**** RECORDS TO PROCESS

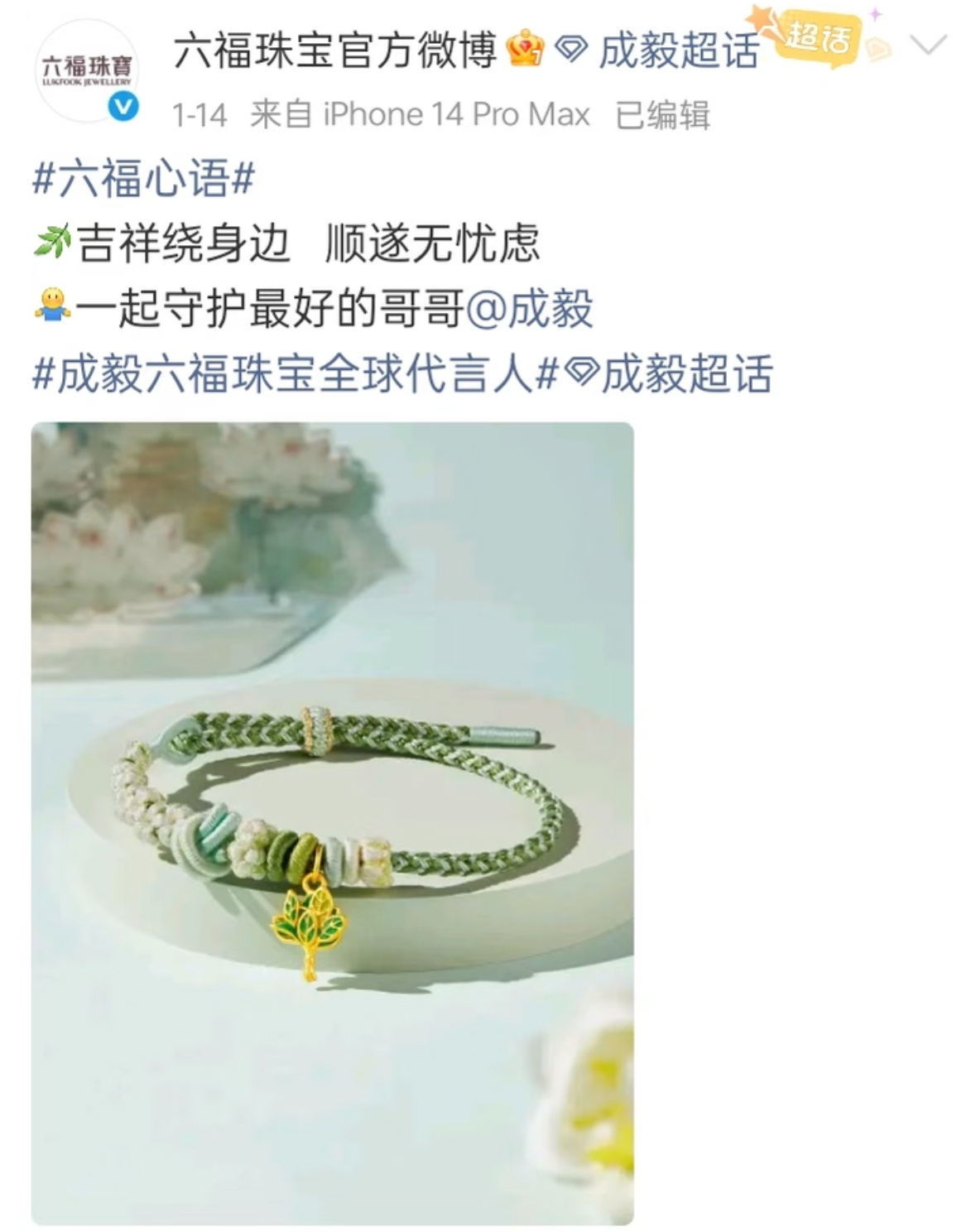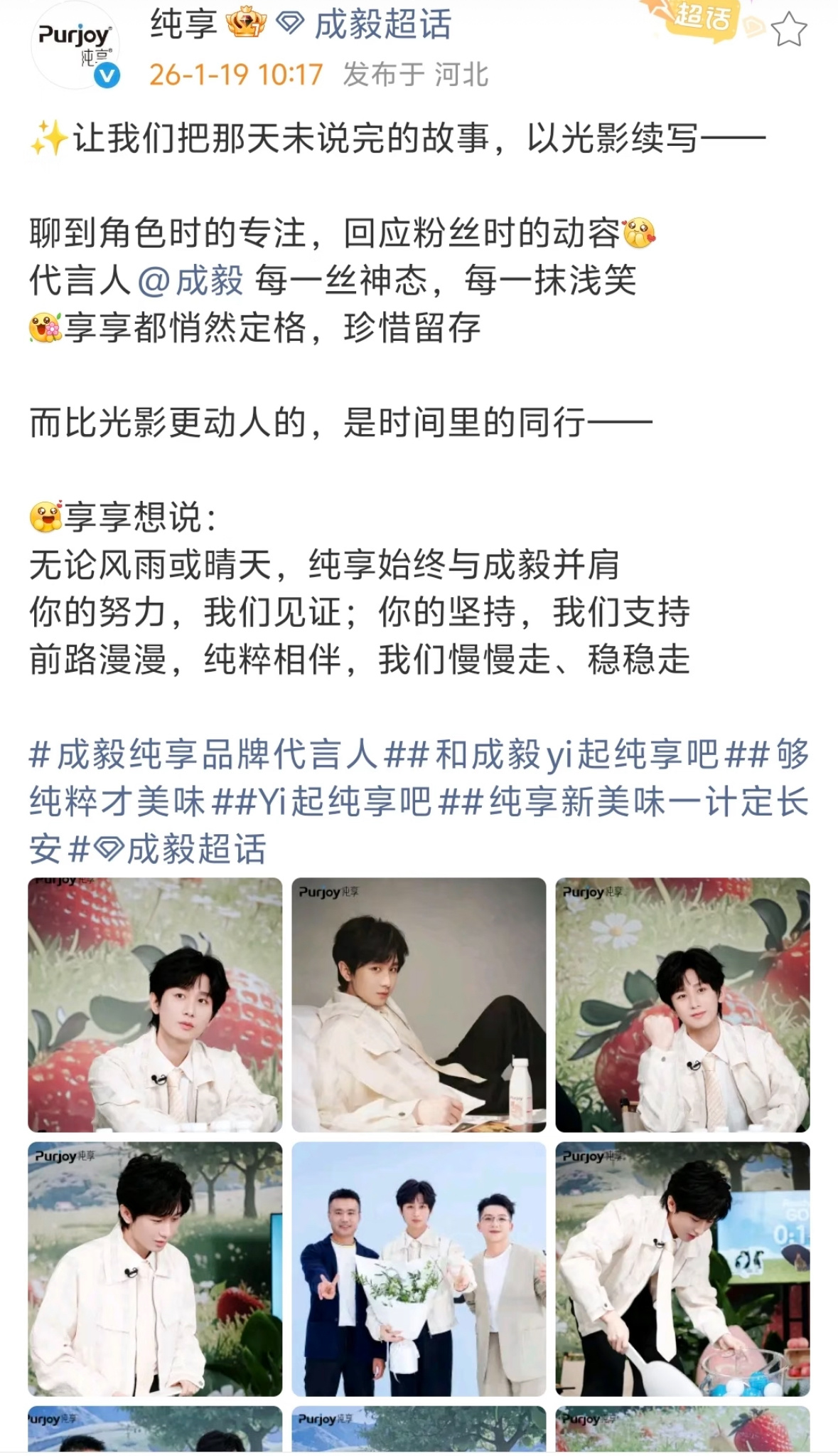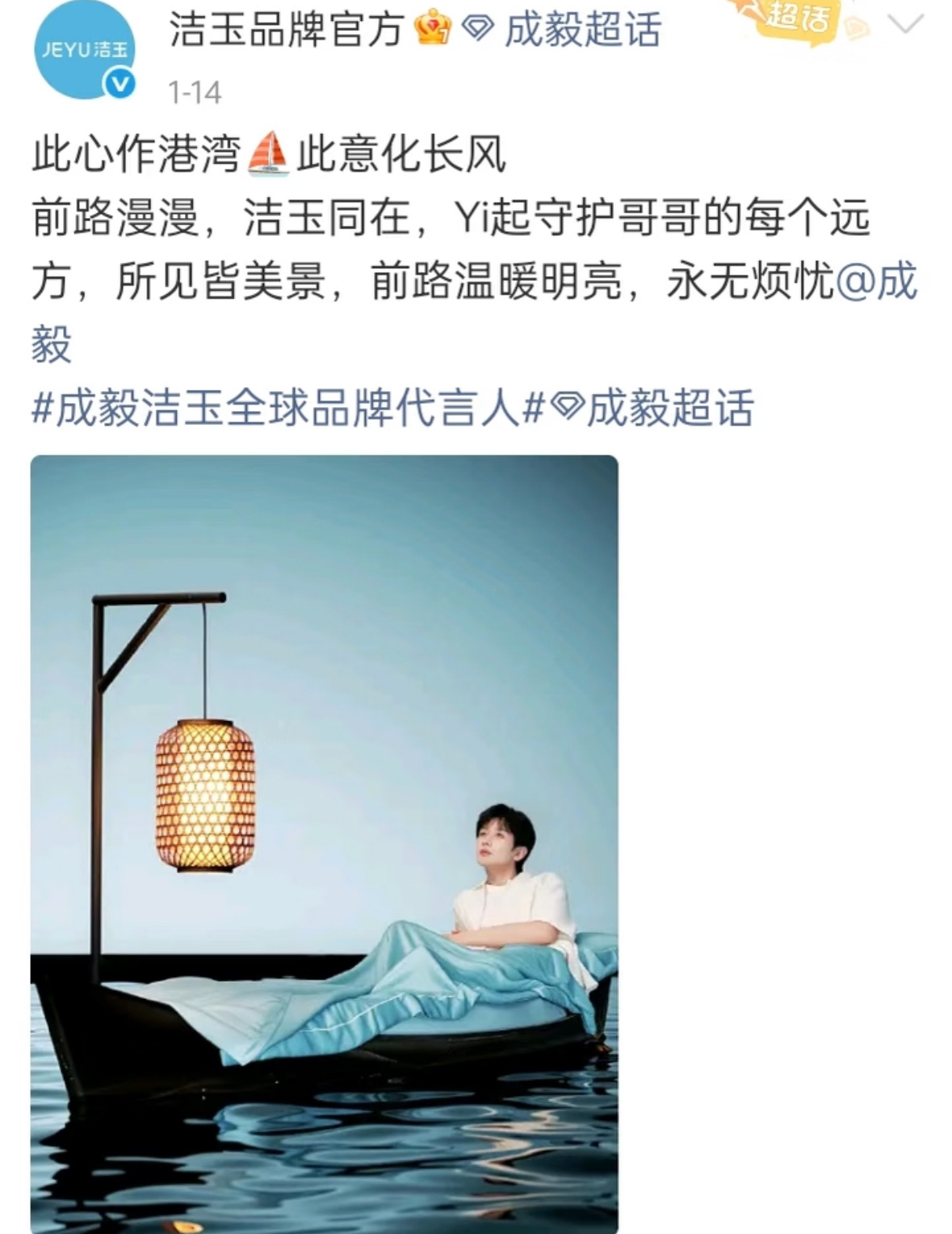 成毅的品牌方都好活人,好zqsg啊,文字里充满了对ee的爱和祝福。哥哥值得
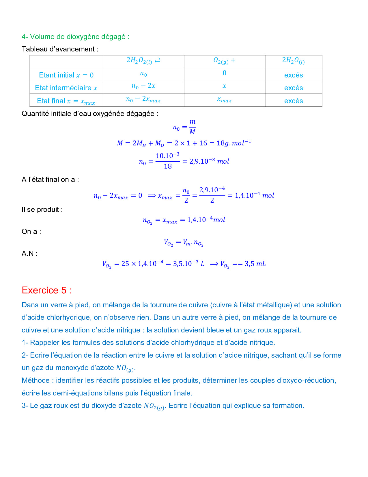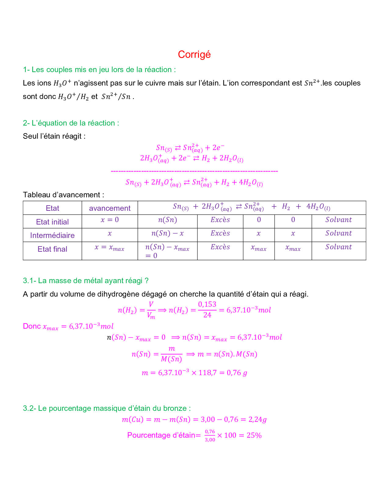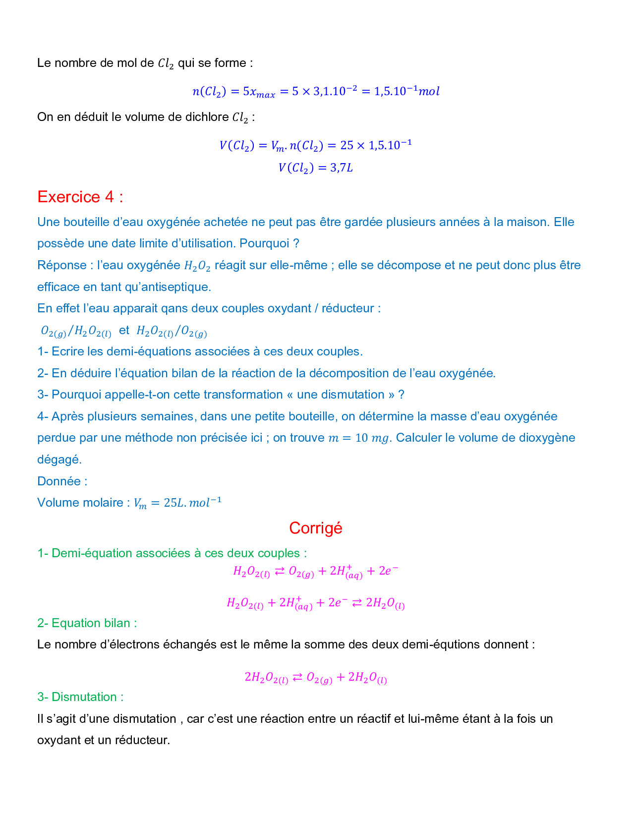 Les réactions d'oxydo-réduction - Exercices corrigés 1
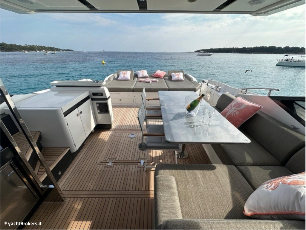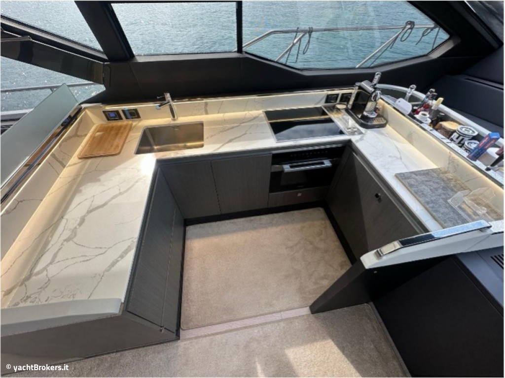 Seakeeper NG16 - 2 generatori (Kohler 19 kVA e Mase 6.5 kVA) - dissalatore HP 360 l/h - bow thruster - piattaforma bagno idraulica - Glendening cable master - luci subacquee (4) - elettronica completa Raymarine (4 x 16") - AIS - radar Raymarine - pilota automatico - VHF - ecoscandaglio - terza stazione di manovra con joystick in pozzetto - teak in pozzetto, passavanti e fly - passerella idraulica Opacmare - hard-top con tetto apribile - bimini idraulico a prua - bimini idraulico fly - tendalino elettrico pozzetto - 100 m catena ancora + ancora Ultra Marine 45 kg - winch pozzetto - Starlink - impianto Hi-Fi Bose - TV salone con sistema hi-low - TV in 3 cabine + cabina equipaggio - audio Fusion pozzetto - 4 cabine + cabina equipaggio - 3 bagni - aria condizionata reversibile - salone in pelle - pavimento in legno nel salone - cassaforte - lavatrice - asciugatrice - lavastoviglie - forno + microonde - 4 frigoriferi - 1 congelatore - cantinetta vini.
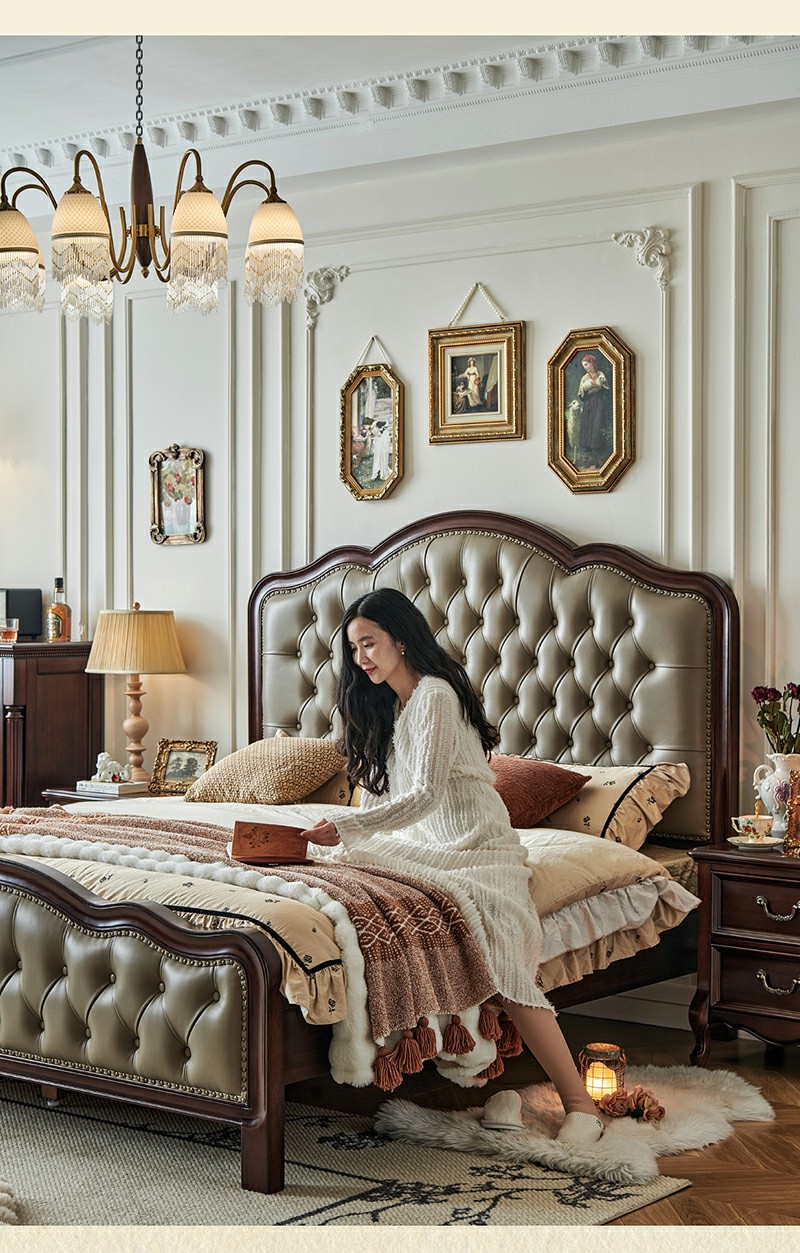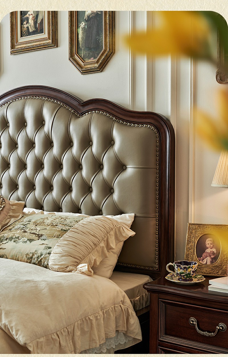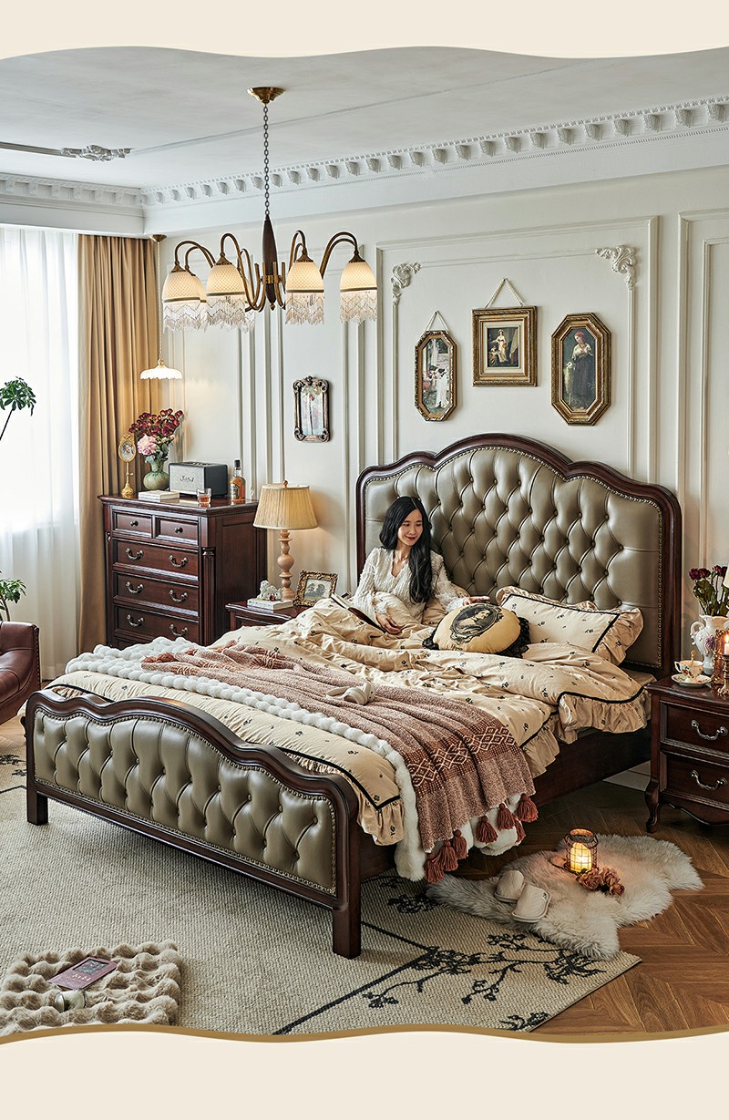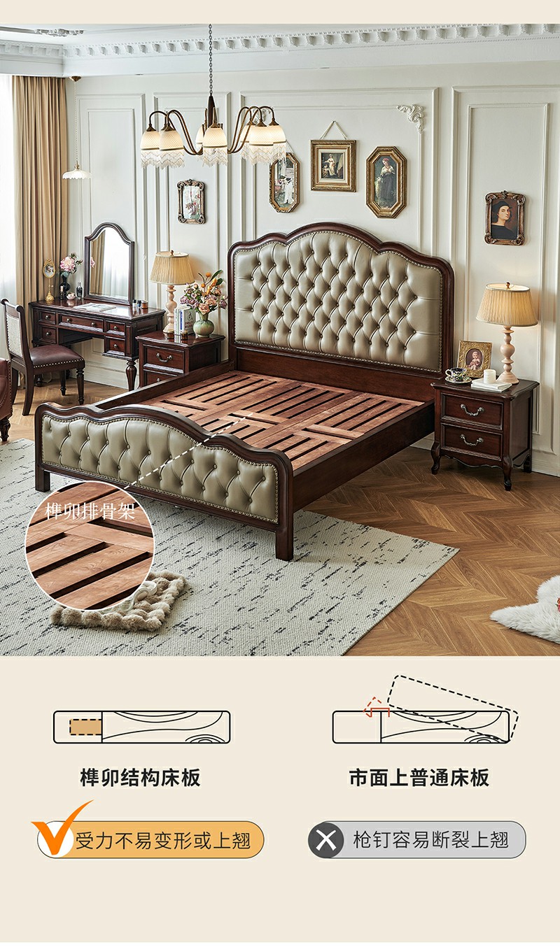 金丝柚木头层油蜡皮床+1个床头柜
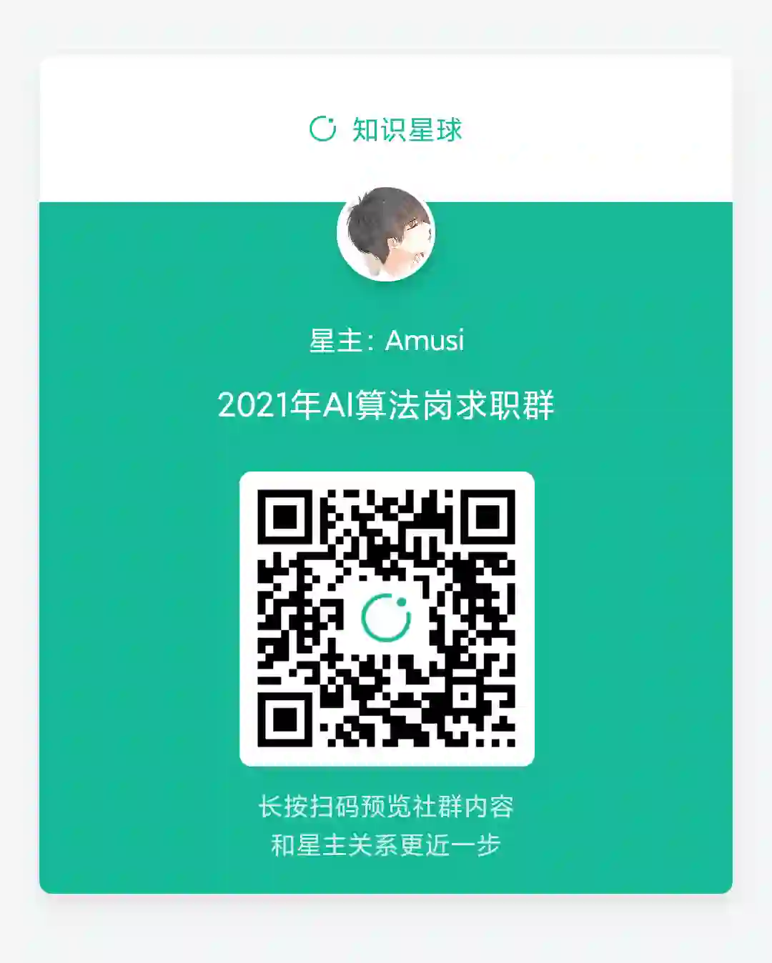 本星球不仅面向2021届、2022届找工作和找实习的学生(研一/研二/大三/大四等),还面向刚入学或已工作的人群。目前已有超过3200+位同学加入。星球旨在分享AI算法岗的秋招准备攻略(含刷题)、面试经验和校招/社招/实习的内推机会(含提前批)、学习路线、知识题库和Offer如何选择等。
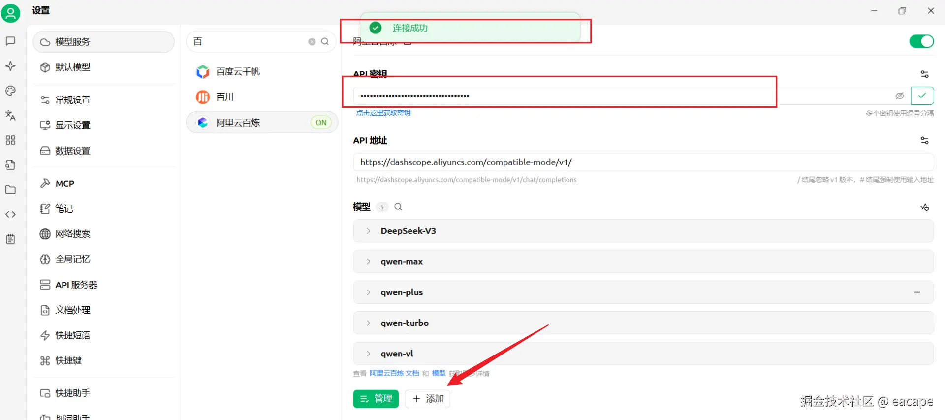 首先,在模型服务中搜索到"阿里云百炼",然后填充好刚刚复制好的密钥,检测成功即可

********

== YOUR GOAL ==
What you print must be exactly the lines from the one containing "Seakeeper NG16 - 2" through the last line of the material, and no pictures.

== FINISHED TASK ==
 Seakeeper NG16 - 2 generatori (Kohler 19 kVA e Mase 6.5 kVA) - dissalatore HP 360 l/h - bow thruster - piattaforma bagno idraulica - Glendening cable master - luci subacquee (4) - elettronica completa Raymarine (4 x 16") - AIS - radar Raymarine - pilota automatico - VHF - ecoscandaglio - terza stazione di manovra con joystick in pozzetto - teak in pozzetto, passavanti e fly - passerella idraulica Opacmare - hard-top con tetto apribile - bimini idraulico a prua - bimini idraulico fly - tendalino elettrico pozzetto - 100 m catena ancora + ancora Ultra Marine 45 kg - winch pozzetto - Starlink - impianto Hi-Fi Bose - TV salone con sistema hi-low - TV in 3 cabine + cabina equipaggio - audio Fusion pozzetto - 4 cabine + cabina equipaggio - 3 bagni - aria condizionata reversibile - salone in pelle - pavimento in legno nel salone - cassaforte - lavatrice - asciugatrice - lavastoviglie - forno + microonde - 4 frigoriferi - 1 congelatore - cantinetta vini.
 金丝柚木头层油蜡皮床+1个床头柜
 本星球不仅面向2021届、2022届找工作和找实习的学生(研一/研二/大三/大四等),还面向刚入学或已工作的人群。目前已有超过3200+位同学加入。星球旨在分享AI算法岗的秋招准备攻略(含刷题)、面试经验和校招/社招/实习的内推机会(含提前批)、学习路线、知识题库和Offer如何选择等。
 首先,在模型服务中搜索到"阿里云百炼",然后填充好刚刚复制好的密钥,检测成功即可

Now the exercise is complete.